Adagio clenched her fist, and grated her teeth, wrestling with the idea of dropping the girl back onto the floor.
“Yea, well Aria thinks like the two millennia old grandma that she is. Have you ever seen her try to use the internet by herself?—Complete catastrophe. Maybe one day we’ll teach her about microwaves.”
The two girls laughed to themselves as they walked toward the attic door. Sonata, being ever the obedient helper, pulled the thing up, and held it for Adagio to pass through. Taking her time, the curly haired girl took one step onto the stairs, then another.
Shockwaves. A sudden punch to the chest. Tingling and warmness all over. Sonata doubled over, accidentally dropping the door. Clutching the burning place between her chest and neck, she fell to her knees, gasping for air. The room was spinning as she tried to get a grip on what was happening to her. Then, she remembered…
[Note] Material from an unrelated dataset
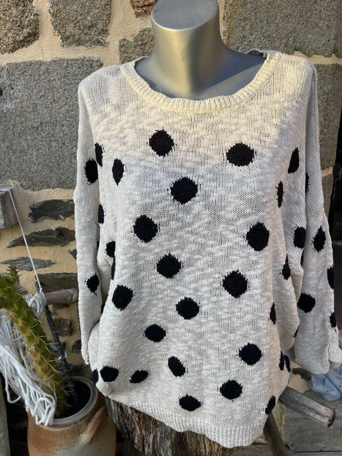 Pull en maille crème à pois noir - Zara  - photo numéro 1
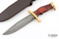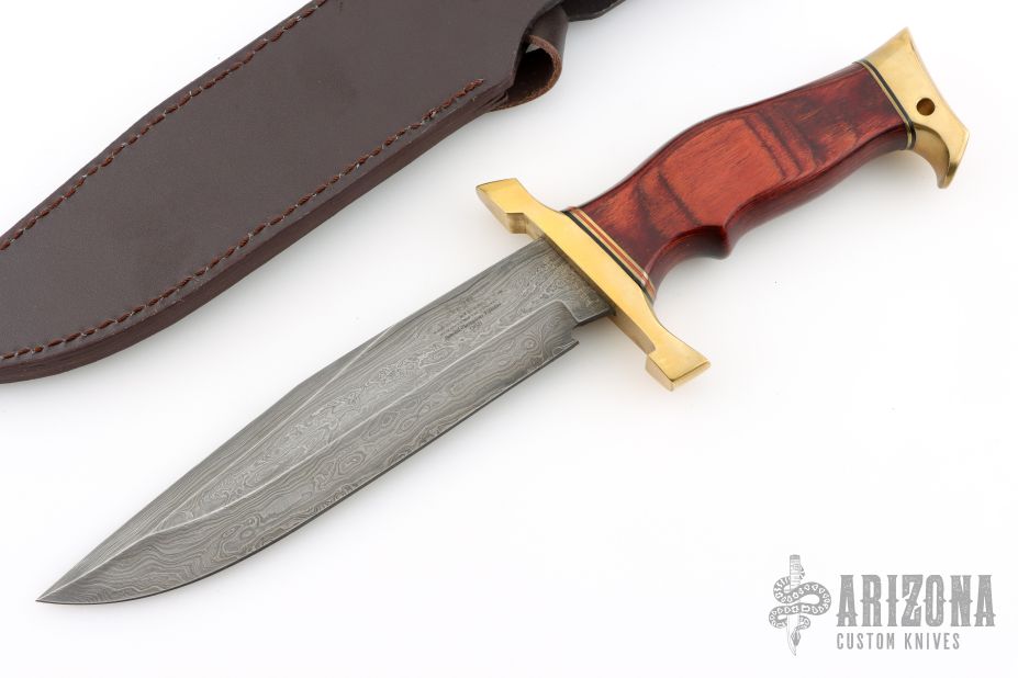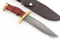 The Karate Master Knife was built for the martial artist in mind. A 7 1/2" razor sharp hand-forged folded Damascus steel drop point blade penetrates deep into any surface while the dark mahogany wood handle is accented brilliantly by a polished brass guard and pommel with classic Micarta spacers. Includes a leather belt sheath. 12 7/8" overall, 7 1/2" blade, .192" blade stock, 1.426" blade depth, hidden tang construction.

She fumbled desperately for the door handle in the darkness. When her fingers finally hooked around it, she yanked it open, and nearly fell forward, straight down into Adagio who now sat on the floor below. The elder girl was also clutching her chest and gasping. Thinking she might have hit her in the head with the door, Sonata prostrated herself on the attic floor, and dipped her head out of the opening.
“Dagi, are you oka—”
Another thump to the chest. They both inhaled sharply as Adagio’s eyes shot upward to stare at her sister. It seemed that in their strained, teary eyed gazes, the same message was spoken. With each thump it seemed like the juice that gave them their vigor, the very energy they required to even lift a finger, was sucked away. Trying to think through her distress, Adagio closed her eyes, and made an attempt to study the sensation. When the thump came again, she felt her arms fall limp at her sides. In a moment, they were moving, but one more thump, and suddenly her legs went numb. Her energy was being drawn from her in bouts. That was the first thing to become immediately clear.
“Leach” she stammered in her deliriousness. “Someone’s... leaching..."
Adagio choked before doubling over.
“It hurts, Adagio!” Sonata gasped trying her best to crawl safely down the attic stairs, and instead falling straight down onto the floor with a loud ‘THUD’.
Bracing themselves for a moment longer, they waited, and prayed to the seas that the invasive pain would cease. Eventually, it ebbed. Trying to catch their breaths—Sonata lying flat on her back, and Adagio propped up haphazardly against the wall beside her—they both eventually managed to turn their heads, and give each other knowing glances.